* _ASSIGNMENT_
Repeat the data that follows exactly, starting at the line with "15W 3 in 1 Foldable" and ending at the line with "The retreat style", and leave out every picture.

* _DATA PROVIDED_

Segment Open

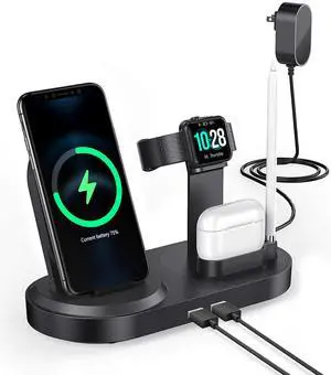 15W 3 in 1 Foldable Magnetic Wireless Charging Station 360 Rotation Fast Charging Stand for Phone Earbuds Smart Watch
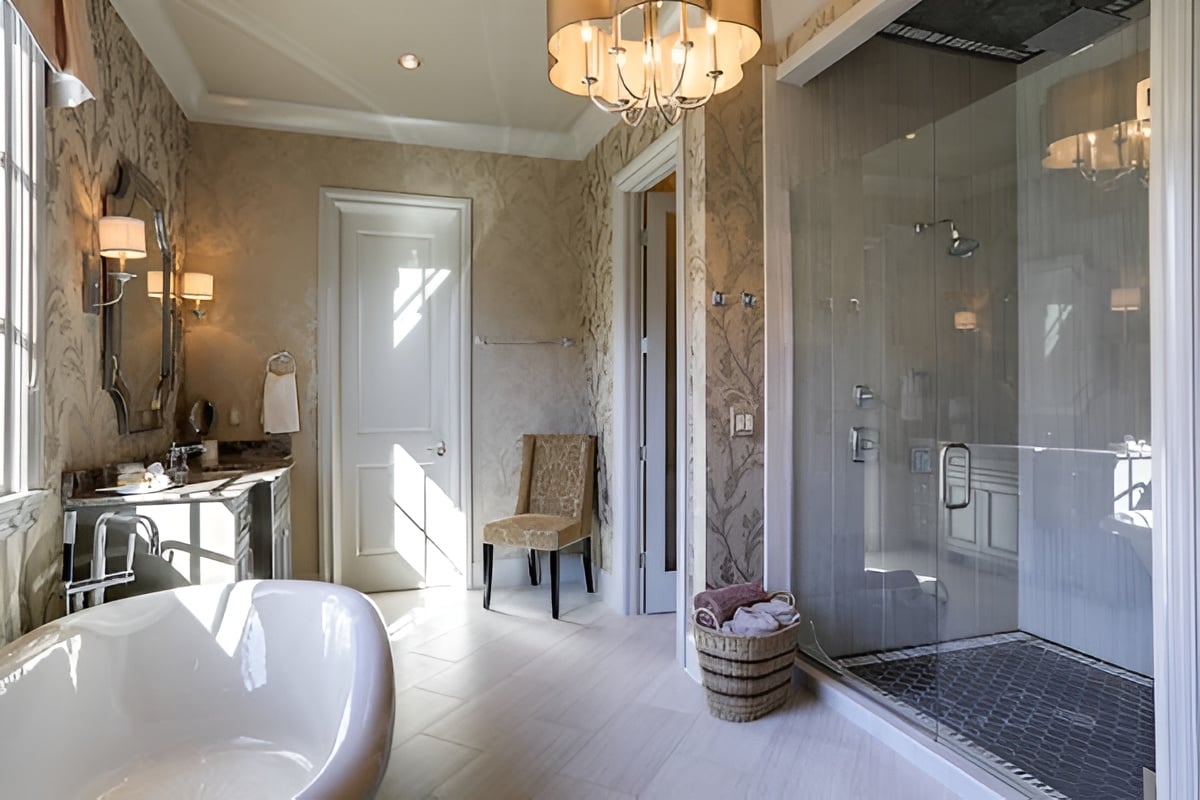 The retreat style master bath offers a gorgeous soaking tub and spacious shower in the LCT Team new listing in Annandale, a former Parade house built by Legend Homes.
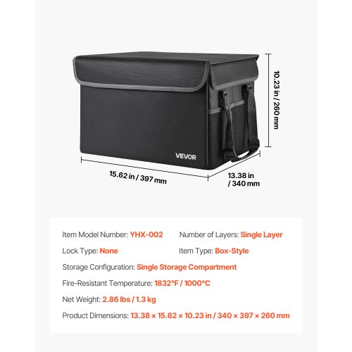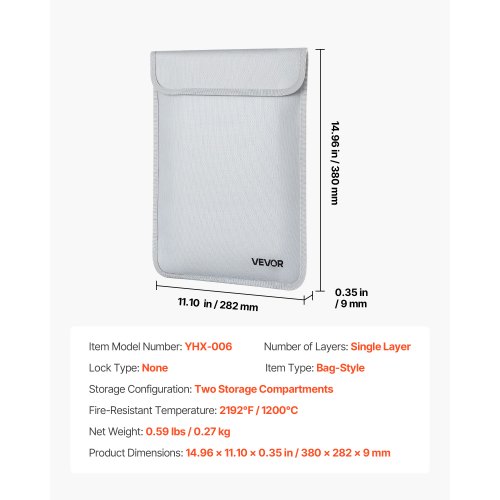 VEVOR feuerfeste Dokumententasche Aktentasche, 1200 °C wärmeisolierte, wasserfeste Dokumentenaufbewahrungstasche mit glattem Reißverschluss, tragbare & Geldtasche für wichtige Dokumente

Segment Closed
Segment Open

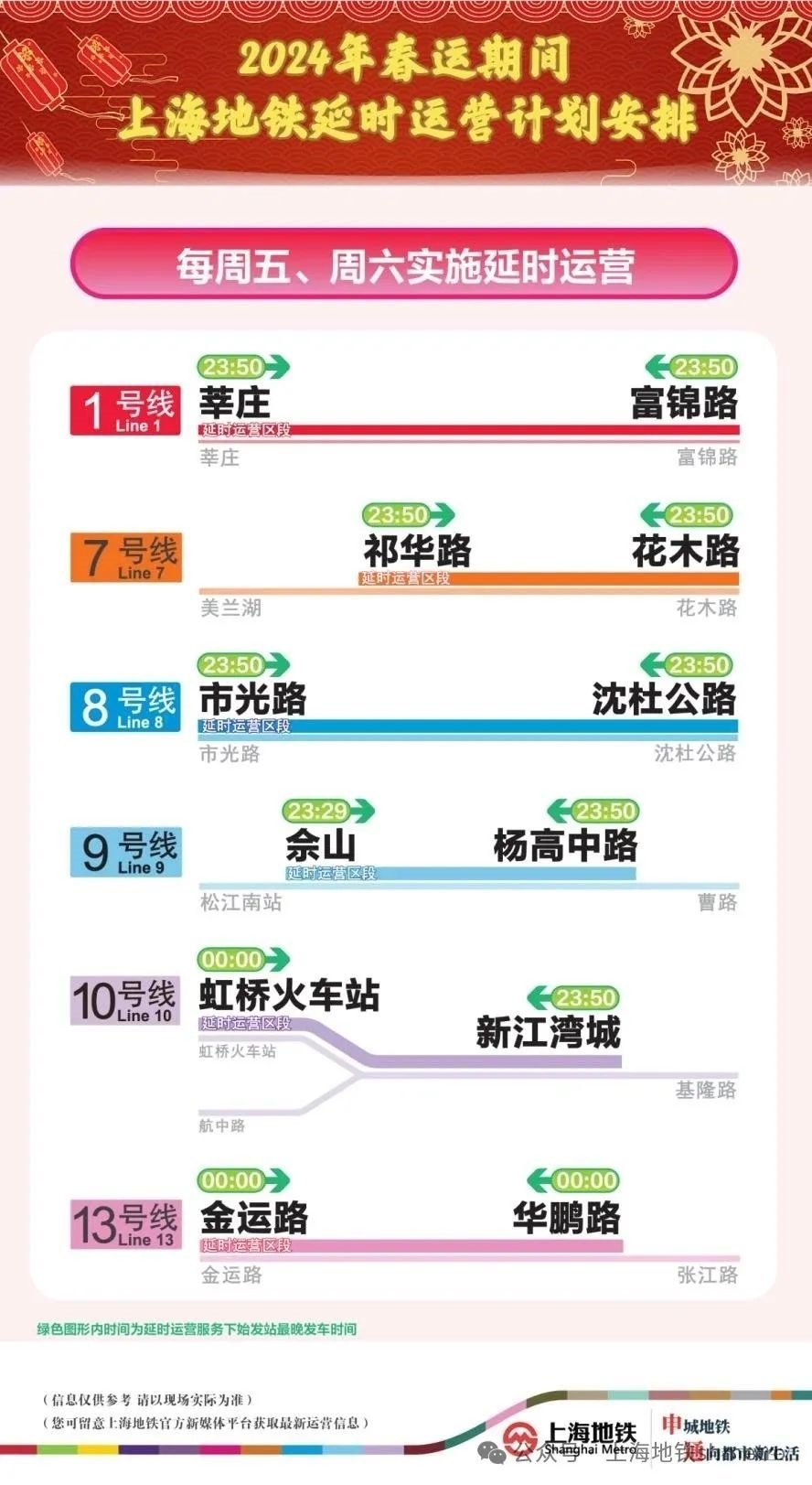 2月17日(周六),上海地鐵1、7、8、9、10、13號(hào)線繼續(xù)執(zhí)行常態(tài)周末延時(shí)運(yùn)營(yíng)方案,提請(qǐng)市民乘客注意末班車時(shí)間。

Segment Closed

* _ANSWER SECTION_
 15W 3 in 1 Foldable Magnetic Wireless Charging Station 360 Rotation Fast Charging Stand for Phone Earbuds Smart Watch
 The retreat style master bath offers a gorgeous soaking tub and spacious shower in the LCT Team new listing in Annandale, a former Parade house built by Legend Homes.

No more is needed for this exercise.